Após reajuste milionário de mais de 100% em dois anos, Solurb ganha novo aditivo

O contrato de concessão n. 332 de 25 de outubro de 2012, celebrado entre a Prefeitura de Campo Grande e o Consórcio CG Solurb teve nova alteração de valor. A informação foi publicada no Diogrande de sexta-feira (13). O documento informa que o termo de apostilamento visa “alterar o valor da Contraprestação Anual, constante do Processo Regulatório n. 2092/2015-86”. No final de 2014, o contrato, então avaliado em R$ 4,3 milhões, saltou para R$ 9,1 milhões, um aumento de mais de 100%.

O Extrato publicado no Diário Oficial aponta que o Termo de Apostilamento ao Contrato de Parceria Público Privada n.332, de 25 de Outubro de 2012, tem por objeto alterar a redação do subitem “17.1” do contrato, que trata do Valor da Contraprestação. Inicialmente, o valor pago a Solurb era de R$ 52,1 milhões por ano. Com o reajuste, subiu para R$ 109,2 milhões.

Apesar de o documento público informar o aumento, não há menção sobre a porcentagem ou ao novo repasse milionário, nem mesmo se foi por reajuste da inflação ou aumento de serviços.

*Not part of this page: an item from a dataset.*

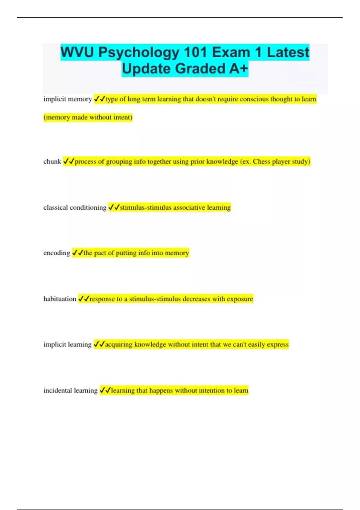 WVU Psychology 101 Exam 1 Latest Update Graded A+ implicit memory type of long term learning that doesn't require conscious thought to learn (memory made without intent) chunk process of grouping info together using prior knowledge (ex. Chess player study) classical conditioning stimulus-stimulus associative learning encoding the pact of putting info into memory habituation response to a stimulus-stimulus decreases with exposure implicit learning acquiring knowledge without intent that we can't easily express incidental learning learning that happens without intention to learn metacognition knowledge/skills and awareness people have of their own learning and memory nonassociative learning single repeated exposure leads to a change in behavior operant conditioning stimulus-response associative learning perceptual learning aspects of our perception changes as a result of experience Sensitization response to a stimulus increases with exposure transfer-appropriate processing memory performance is better when the test uses the same type of knowledge as the encoding activity working memory memory used to hold onto information temporarily (example: keeping your place in a multiplication problem) behaviorism study of behavior cognitive psychology the study of mental processes conciousness awareness of ourselves and our environment empiricism idea that knowledge comes from experience (promoted by John Locke and Thomas Reid eugenics process of selective breeding to promote desired traits flashbulb memory vivid and highly detailed memory of an emotionally significant event functionalism area of american psych that focused on the utility of conciousness (how we think) gestalt psych attempt to study the unity of experience introspection method of focusing on internal processes neural impulse enables neurons
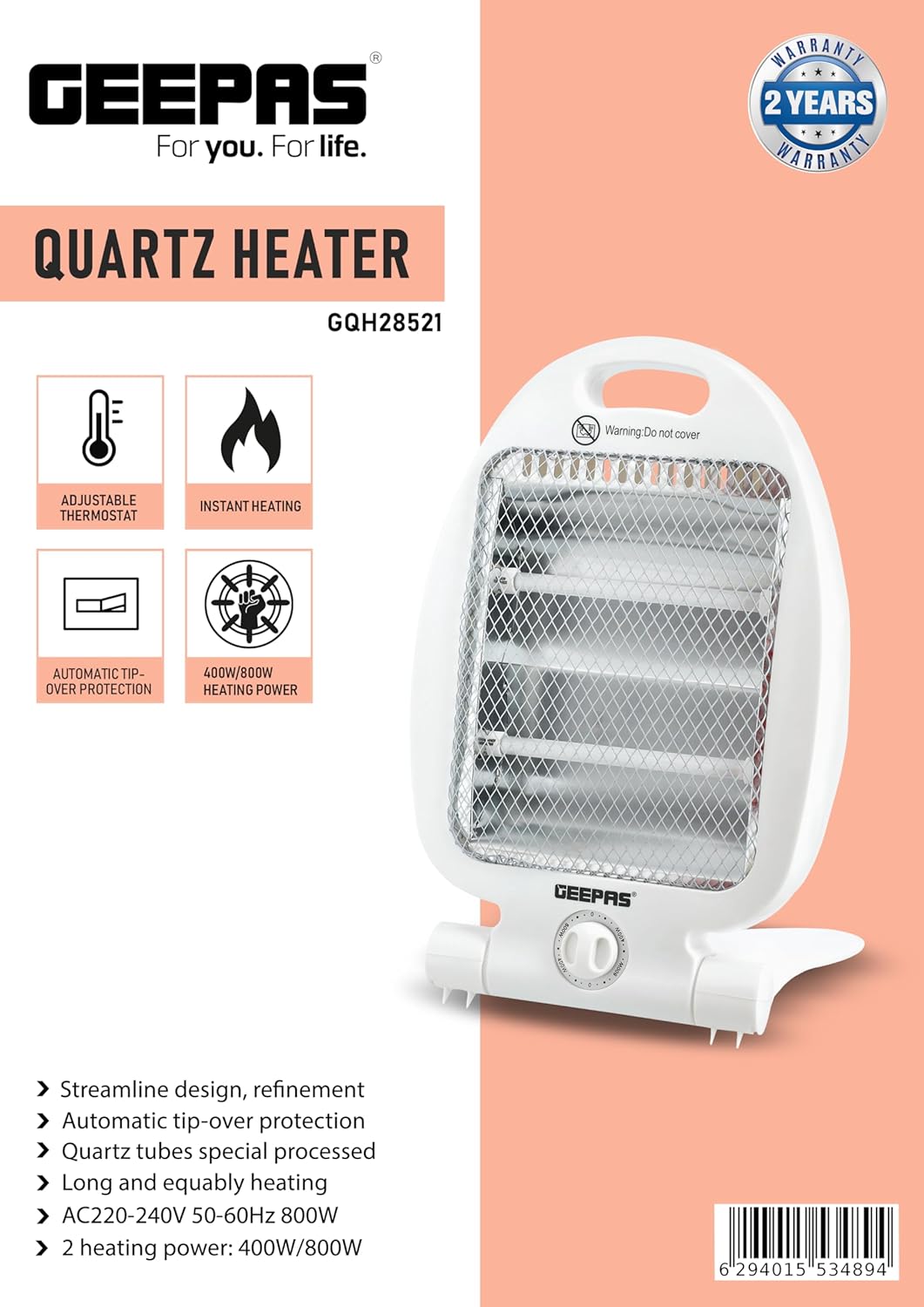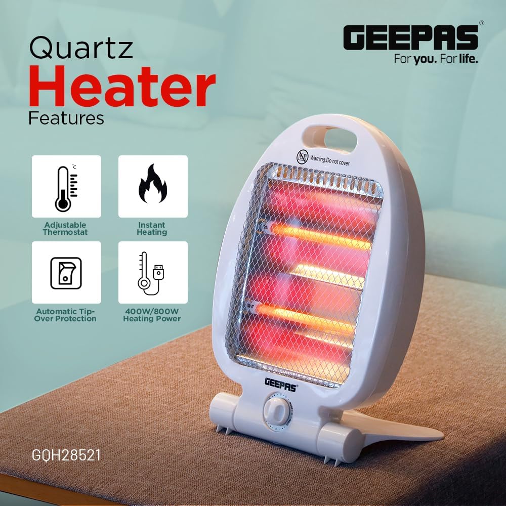 2 تنظیم گرما - بخاری کوارتز 800 واتی Geepas دارای 2 تنظیم حرارت است. 400 وات و 800 وات به سادگی به هر منبع اصلی سوئیچ روشن وصل کنید و صفحه را روی 400 وات یا شماره گیری 800 وات تنظیم کنید. المنت گرمایشی تا تنظیمات دلخواه شما گرم می شود تا دمای هوای اطراف را گرم کند

A assinatura foi feita no dia 5 de fevereiro de 2015, pelo prefeito Gilmar Olarte (PP), o secretário de Obras, Valtemir Alves de Brito, o diretor presidente da Agência de Regulação, Antônio Castelani Neto e os representantes da Solurb, Antonio Fernando de Araujo Garcia (Financial) e Luciano Potrich Dolzan (LD Construções).

Questionamentos

O reajuste de 107% no contrato da prefeitura com o Consórcio CG Solubr causou assombro e chegou a ser questionado pelos vereadores em novembro de 2014. Na época, o prefeito Gilmar Olarte (PP) alegava agravamento da crise financeira e, junto com seus secretários,  se recusou a explicar quais os motivos que ocasionaram um amento de repasse tão expressivo .

Alguns parlamentares falaram em chamar os empresários e o ex-prefeito Nelson Trad Filho (PMDB) para dar explicações sobre o que chamaram de ‘aditivão’. Contudo, veio o recesso parlamentar e o assunto acabou esquecido pela Casa de Leis.